Как давно я не была на море! Ну а мои малыши увидят его первый раз. И это удваивало, утраивало мою радость от предстоящей поездки.

Прошедший год был таким трудным для нас: развод с мужем, размены, переезды, долгих два месяца пребывания в больницах. Словно в отместку мне за революционные преобразования в семье, заболели мы одновременно, втроем. Заболели тяжело - воспалением легких. Два долгих месяца, курсировала моя мама, от одной больницы к другой, от базара к дому, и опять к нам, уже с бульонами, пирогами, фруктовыми компотами и отварами.
- Сглазили, прокляли, - причитала она, имея в виду, конечно, недобрую силу оставленного мной мужа и его родни.
Я же винила во всем только себя и искала пути к спасению моей маленькой семьи, за которую несла теперь единоличную ответственность.
- К морю! Быстрее к морю! - твердила я одержимо.
- Немедленно к морю! Это лучшее средство от всяческих сглазов и порчи! Море смоет весь негатив! – горячо поддерживала меня моя, эзотерическими знаниями подкованная, подруга.

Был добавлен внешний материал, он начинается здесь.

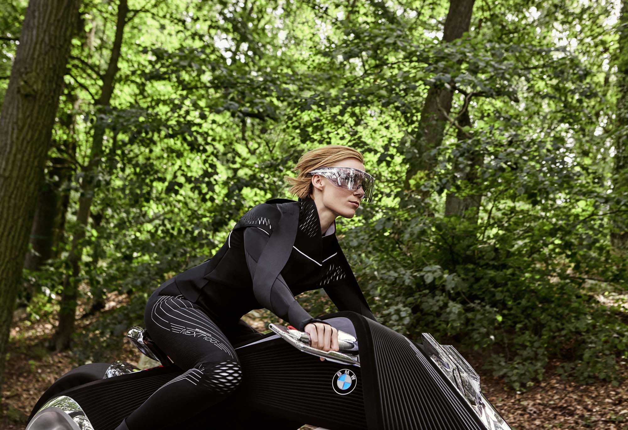 BMW actually sees a future where electronics are so advanced that they make wearing protective gear superfluous. Thus, riding apparel centers around comfort, not safety.

Бросив все: новый, еще не обустроенный дом, работу, собрав все деньги – половину в долг, отправились мы в маленький приморский поселок, где я, совсем девочкой, уже отдыхала однажды.

И, то ли эта установка, то ли мое ожидание чуда и вера в то, что оно непременно произойдет, а может и правда, море снимает весь запас отрицательной энергии, той, что накопилась в наших телах и душах? Но, только ступив на Крымскую землю и, вдохнув жаркий, напоенный запахами трав и цветов, влажный и теплый воздух, нам стало легче , на бледных лицах моих детей появился румянец. Чудо свершилось!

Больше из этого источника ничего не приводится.